If I create an odt file from rtf, the text isn't present twice in odt.
If I export the odt to xhtml, the whole text is present twice too.
Comment 2 Julien Nabet 2012-07-04 13:29:51 UTC
I created a simple rtf file with LO containing just 1 word without any formatting.
I exported it to XHTML, everything was ok.
Something in the file seems to trigger the problem.

Scott Derik : do you reproduce this problem with other rtf files ?
Comment 3 Scott Derrick 2012-07-04 14:41:59 UTC
Yes I have.

As I said in the initial posting, Word 2007, doesn't seem to have a problem exporting the file to html. 

I don't know if it's significant or not but the RTF's I'm converting were created 10-20 years ago. They are part of an archive we are converting to xml(TEI), using xhtml as an interim format in the conversion process. 

Neither LibreOffice nor MSOffice complain when loading them?

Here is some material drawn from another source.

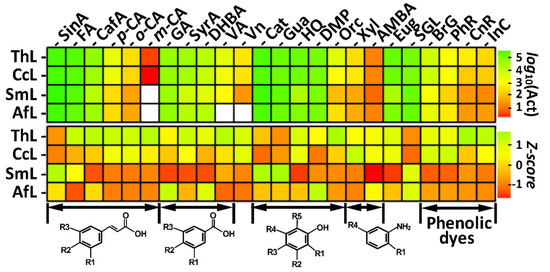 Laccase activities toward different phenolic substrates. The following abbreviations are used: SinA = synapic acid, FA = ferulic acid, CafA = caffeic acid, p-CA = p-coumaric acid, o-CA = o-coumaric acid, m-CA = m-coumaric acid, GA = gallic acid, SyrA = syringic acid, DHBA = 3,4-dihydroxybenzoic acid, VA = vanillic acid, Vn = vanillin, Cat = catechol, Gua = guaiacol, HQ = hydroquinone, DMP = 2,6-dimethoxyphenol, Orc = orcinol, Xyl = 2,5-xylidine, AMBA = 2-amino-4-methoxybenzoic acid, Eug = eugenol, SGL = syringaldazine, BrG = bromocresol green, PhR = phenol red, CnR = congo red, and InC = indigo carmine, ThL = Trametes hirsuta laccase, CcL = Coriolopsis caperata laccase, AfL = Antrodiella faginea laccase, and SmL = Steccherinum murashkinskyi laccase. The white cells on the upper panel represent points where no activity was detected. The Z-scores were obtained by standardization of the original activities for each substrate (table column) separately. The general patterns in the substrate structures are described/depicted under the corresponding entries and the details are described in the main text.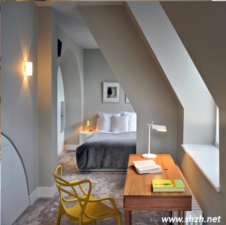 工作臺的設(shè)計,在閣樓窗戶邊上,設(shè)計了一個書桌,不僅充分考慮到這個區(qū)域的安靜環(huán)境,也充分利用了光線這些效果,學(xué)習(xí)閱讀也有了充足的光線,很好的保護(hù)了視力,非常實用。

I have more rtf's that exhibit the problem if needed.

Scott
Comment 4 Julien Nabet 2012-07-04 23:27:12 UTC
I installed unrtf (included in Debian repo) to test your file, it was ok.
So I put back to New status.
Comment 5 David Tardon 2012-07-13 11:00:08 UTC
For anyone interested: the code is in filter/source/xslt/odf2xhtml/export/xhtml/body.xsl and I think the problem is in the template matching draw:frame at line 889. It calls template createDrawFrame, which for some reason prints all the following siblings of the frame wrapped by a div. But after the draw:frame template is finished, the processing continues so the following siblings are processed (and printed) again.

IHMO the best course of action is to abandon the crazy idea that XSLT is suitable tool for processing ODF and rewrite the filter in C++.
Comment 6 Scott Derrick 2012-07-13 16:40:32 UTC
XSLT is a great tool for processing xml formatted content, as long as the content is well formed. 

If its not it can get very confused.

I have worked around the problem by using the "save as" instead of "export" option and selecting html as the target format.  

Interesting the problem doesn't occur when using "save as"...
Comment 7 David Tardon 2012-07-16 07:51:25 UTC
(In reply to comment #6)
> XSLT is a great tool for processing xml formatted content, as long as the
> content is well formed. 

If it is not well-formed, it is not XML .-) Anyway, that is not what I meant. The problem is in the complexity of the ODF format and impedance mismatch with HTML. XSLT is just not suitable for the heavy processing that is necessary to do the transformation (and no, XSLT 2.0 is not a solution. XSLT 2.0 is another problem.) Any attempt to do it anyway just leads to the WORN (Write Once, Read Never) type of code we have today, where any fix creates two new bugs.

> I have worked around the problem by using the "save as" instead of "export"
> option and selecting html as the target format.  
> 
> Interesting the problem doesn't occur when using "save as"...

AFAIK "save as" uses the old HTML export code from sw/source/filter/html .

There is also writer2latex extension, that (despite its name) contains a filter for XHTML export too. It is written in Java and hopefully is in a better shape than the XSLT filter.
Comment 8 Alexandr 2014-07-14 19:22:16 UTC
Hello.
I reproduce the bug with LibreOffice 3.5.4 from Debian Wheezy. I can not reproduce it with LibreOffice 4.2.5 from Debian Wheezy backports and 4.3.0.2. 
I do not know which patch solves the problem hence I set bugstatus to RESOLVED WORKSFORME. Feel free to reopen it if you can reproduce the issue with LibreOffice 4.2.5 or later.